To compile, first see if there is anything in the Makefile
that you want to change.  You may wish to change the default
installation directories BINDIR, where the executable goes,
and MANDIR, where the manual page goes. The compiler is also
set to gcc.  If you don't have gcc, or want to use another
compiler, change the value of CC.

Then a simple "make" should suffice to compile msort.

To install, su if necessary, then "make install".

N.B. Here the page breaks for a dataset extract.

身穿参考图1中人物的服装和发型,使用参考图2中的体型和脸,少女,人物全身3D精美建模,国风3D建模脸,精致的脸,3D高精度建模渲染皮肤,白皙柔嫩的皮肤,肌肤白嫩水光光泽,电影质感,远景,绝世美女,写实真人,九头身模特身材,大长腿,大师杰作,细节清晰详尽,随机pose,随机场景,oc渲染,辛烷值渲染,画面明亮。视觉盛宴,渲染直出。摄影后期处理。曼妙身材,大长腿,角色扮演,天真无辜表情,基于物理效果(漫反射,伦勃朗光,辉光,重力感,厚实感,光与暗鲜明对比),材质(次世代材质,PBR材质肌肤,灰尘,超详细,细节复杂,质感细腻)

Msort uses the TRE regular expression library to match tags
and to perform substitutions on keys. This library is
available for a wide range of systems but in source form. It
must be compiled and installed. Clear instructions for
compiling and installing it are provided with the
package. However, those not experienced with installing
libraries may encounter difficulties.

One problem that you may encounter is that, even after you
install the library, the linker (part of the compilation
process) says that it cannot find it. This is probably the
result of the library having been installed in a directory
that the linker does not know about.

To remedy this, you need to run the ldconfig program. On
Linux systems this should be located in /sbin, a directory
that contains programs normally used only by the system
administrator. You will need to be root to run ldconfig.

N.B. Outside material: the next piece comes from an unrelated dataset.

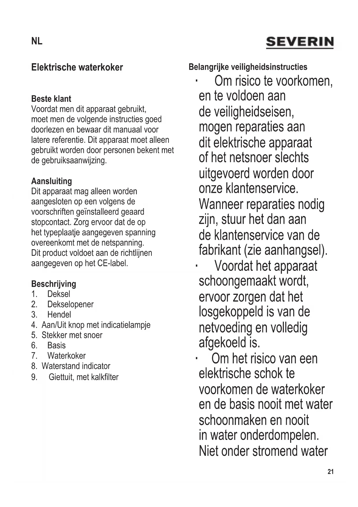 Belangrijke veiligheidsinstructies ∙ Om risico te voorkomen, en te voldoen aan de veiligheidseisen, mogen reparaties aan dit elektrische apparaat of het netsnoer slechts uitgevoerd worden door onze klantenservice. Wanneer reparaties nodig zijn, stuur het dan aan de klantenservice van de fabrikant (zie aanhangsel). ∙ Voordat het apparaat schoongemaakt wordt, ervoor zorgen dat het losgekoppeld is van de netvoeding en volledig afgekoeld is. ∙ Om het risico van een elektrische schok te voorkomen de waterkoker en de basis nooit met water schoonmaken en nooit in water onderdompelen. Niet onder stromend water NL22 104 x 142 mm schoonmaken. ∙ Het apparaat moet regelmatig ontkalkt worden. Wanneer nodig, de waterkoker schoonmaken met een vochtige doek. ∙ Gedetailleerde informatie over het schoonmaken van het apparaat vindt u in de paragraaf: Onderhoud en schoonmaken. ∙ Dit apparaat mag gebruikt worden door kinderen (tenminste 8 jaar oud) en door personen met verminderde fysische, zintuigelijke of mentale bekwaamheden, of gebrek aan ervaring en kennis, mits zij onder begeleiding zijn of instructies ontvangen hebben over het gebruik van dit apparaat en de gevaren en veiligheidsvoorschriften volledig begrijpen. ∙ Kinderen mogen niet met het apparaat spelen. ∙ Kinderen mogen in geen geval dit apparaat schoonmaken of onderhoudswerkzaamheden uitvoeren behalve wanneer onder toezicht van een volwassene en ze tenminste 8 jaar oud zijn. ∙ Het apparaat en het snoer moeten altijd goed weggehouden worden van kinderen jonger dan 8 jaar. ∙ Dit apparaat is bestemd voor huishoudelijk of gelijkwaardig gebruik, zoals - in bedrijfskeukens, in winkels, kantoren of andere bedrijfsruimtes, - in agrarische instellingen, - door klanten in hotels, motels enz. en gelijkwaardige accommodaties, - in bed and breakfast104 x 142 mm

Ldconfig indexes the standard directories /usr/lib and /lib,
any directories listed in the file /etc/ld.so.conf, and
directories listed on the command line.  If you install the
TRE library in a directory other than /lib or /usr/lib, such
as the default /usr/local/lib, you will need to tell
ldconfig to search that directory. You can do this either by
adding the name of the directory to /etc/ld.so.conf or
supplying the directory name on the command line, e.g.:

/sbin/ldconfig /usr/local/lib

Another approach is to give the compiler options that it will
pass on to the linker to tell it where to look.
There are two such options: -L and -rpath.
On some systems -L is used for static libraries and -rpath
for shared libraries, but there is some variation. It appears
always to work if you just use both.

This is especially useful if you do not have root privileges
on the system. 

In the msort Makefile, the relevant portion looks like this:


msort:		${OBJS}
		${CC} -o msort ${OBJS} -ltre

This says that "msort" depends on the files listed in the
variable OBJS, namely msort.o, misc.o, etc., and that
"msort" is created from these files by running the command
that is the value of the variable CC.  The value of CC will
generally be "gcc". The flag -ltre indicates that the TRE
library should be loaded. To tell the linker that the files
for the TRE library are located in /usr/local/lib/, change
the second line above to:

	${CC} -o msort ${OBJS} -L /usr/local/lib -rpath /usr/local/lib -ltre

Of course, if you don't have root privileges you probably can't install
TRE in /usr/local/lib. If you install it in one of your own directories,
give that directory as argument to -L and -rpath instead, e.g.:

	${CC} -o msort ${OBJS} -L /home/wjposer/Src/lib -rpath /home/wjposer/Src/lib -ltre


Some sample sort order definition files are provided in the SortOrders subdirectory.
In addition to serving as examples, some of them may be useful, if, for example,
you need to sort country names in United Nations order, sort by the Chinese
Heavenly Stems, or handle traditional Armenian dates.